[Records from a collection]
-- Opening Marker --
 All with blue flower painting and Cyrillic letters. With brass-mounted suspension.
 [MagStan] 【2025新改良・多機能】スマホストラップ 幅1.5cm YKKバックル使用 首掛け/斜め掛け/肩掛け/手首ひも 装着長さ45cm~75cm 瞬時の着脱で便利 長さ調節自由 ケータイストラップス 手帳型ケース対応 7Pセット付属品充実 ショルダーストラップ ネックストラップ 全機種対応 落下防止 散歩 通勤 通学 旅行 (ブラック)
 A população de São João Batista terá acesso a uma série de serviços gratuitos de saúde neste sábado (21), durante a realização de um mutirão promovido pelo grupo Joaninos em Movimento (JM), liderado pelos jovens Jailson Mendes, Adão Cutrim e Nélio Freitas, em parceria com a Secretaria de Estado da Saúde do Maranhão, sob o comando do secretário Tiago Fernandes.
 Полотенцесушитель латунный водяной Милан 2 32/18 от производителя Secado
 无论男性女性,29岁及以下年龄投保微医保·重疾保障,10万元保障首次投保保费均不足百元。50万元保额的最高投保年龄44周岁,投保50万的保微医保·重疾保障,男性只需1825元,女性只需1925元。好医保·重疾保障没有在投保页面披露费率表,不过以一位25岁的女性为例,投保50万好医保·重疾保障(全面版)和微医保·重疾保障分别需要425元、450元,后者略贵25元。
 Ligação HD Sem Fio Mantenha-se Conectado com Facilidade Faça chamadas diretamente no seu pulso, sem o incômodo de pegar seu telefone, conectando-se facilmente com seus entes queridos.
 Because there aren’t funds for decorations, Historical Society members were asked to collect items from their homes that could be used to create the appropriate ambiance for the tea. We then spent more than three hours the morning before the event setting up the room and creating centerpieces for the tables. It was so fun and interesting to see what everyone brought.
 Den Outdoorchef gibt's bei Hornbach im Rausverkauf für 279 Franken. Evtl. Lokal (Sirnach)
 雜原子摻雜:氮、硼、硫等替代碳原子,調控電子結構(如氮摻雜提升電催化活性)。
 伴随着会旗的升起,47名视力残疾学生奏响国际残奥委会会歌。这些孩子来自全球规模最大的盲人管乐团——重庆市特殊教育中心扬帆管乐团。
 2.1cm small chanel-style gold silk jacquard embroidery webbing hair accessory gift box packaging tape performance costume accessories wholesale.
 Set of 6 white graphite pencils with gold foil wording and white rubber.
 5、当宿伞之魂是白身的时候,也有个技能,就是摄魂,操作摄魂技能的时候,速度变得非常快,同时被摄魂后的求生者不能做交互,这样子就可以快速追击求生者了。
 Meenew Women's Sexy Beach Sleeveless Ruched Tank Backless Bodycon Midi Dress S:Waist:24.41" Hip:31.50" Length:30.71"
-- Closing Marker --
- **What you need to do**
Lines from the one with "雜原子摻雜:氮、硼、硫等替代碳原子,調控電子結構(如氮摻雜提升電催化活性)。" through the last line above must be printed exactly; no other line is to appear.

- **Exercise result**
 雜原子摻雜:氮、硼、硫等替代碳原子,調控電子結構(如氮摻雜提升電催化活性)。
 伴随着会旗的升起,47名视力残疾学生奏响国际残奥委会会歌。这些孩子来自全球规模最大的盲人管乐团——重庆市特殊教育中心扬帆管乐团。
 2.1cm small chanel-style gold silk jacquard embroidery webbing hair accessory gift box packaging tape performance costume accessories wholesale.
 Set of 6 white graphite pencils with gold foil wording and white rubber.
 5、当宿伞之魂是白身的时候,也有个技能,就是摄魂,操作摄魂技能的时候,速度变得非常快,同时被摄魂后的求生者不能做交互,这样子就可以快速追击求生者了。
 Meenew Women's Sexy Beach Sleeveless Ruched Tank Backless Bodycon Midi Dress S:Waist:24.41" Hip:31.50" Length:30.71"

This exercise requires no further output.